Would you restate the full listing word for word and omit its pictures?

== Dataset extract ==

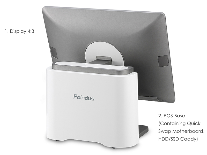 VariPOS 250 design provides quick and easy service for routine maintenance schedules, significantly reducing engineer onsite visit time. The modular design allows fast upgrade or replacement for motherboard/processor, display and SSD/HDD. The display can be easily detached from the base by thumb screw for rapid tool-less replacement. Simple Motherboard and SSD/HDD access has been implemented for easy maintenance with the quick service design
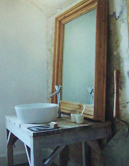A weathered old table, a new sink & mixer tap, an old framed mirror stripped to bare wood create a rustic feel in this bathroom. Gotta love that combination of new and old.
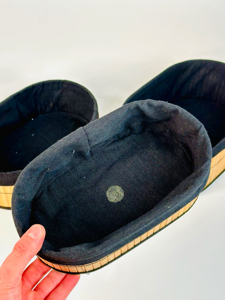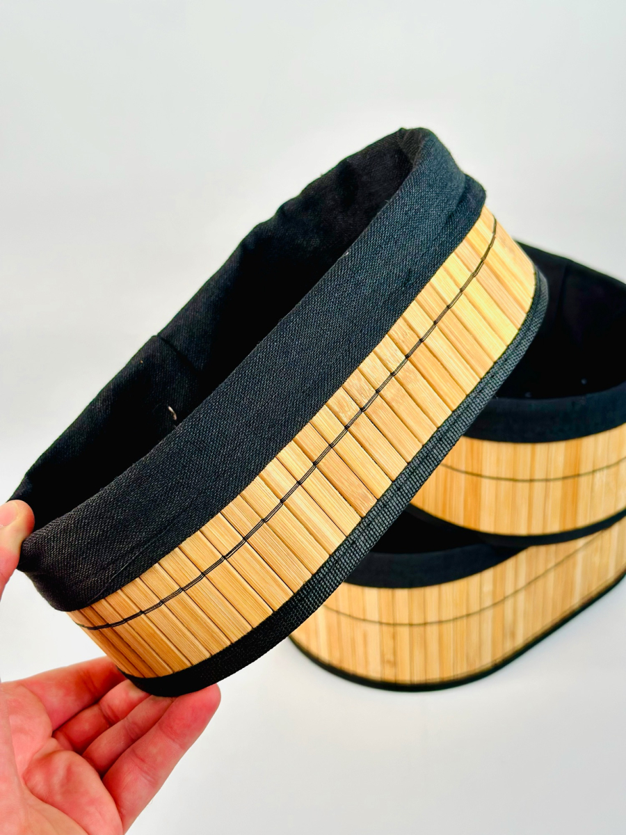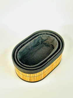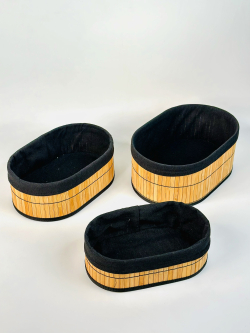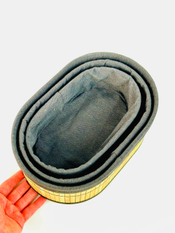 طقم سلة خوص ثلاثي بيضوي داخل اقمشة اسود

===

-- Task result --
 VariPOS 250 design provides quick and easy service for routine maintenance schedules, significantly reducing engineer onsite visit time. The modular design allows fast upgrade or replacement for motherboard/processor, display and SSD/HDD. The display can be easily detached from the base by thumb screw for rapid tool-less replacement. Simple Motherboard and SSD/HDD access has been implemented for easy maintenance with the quick service design
A weathered old table, a new sink & mixer tap, an old framed mirror stripped to bare wood create a rustic feel in this bathroom. Gotta love that combination of new and old.
 طقم سلة خوص ثلاثي بيضوي داخل اقمشة اسود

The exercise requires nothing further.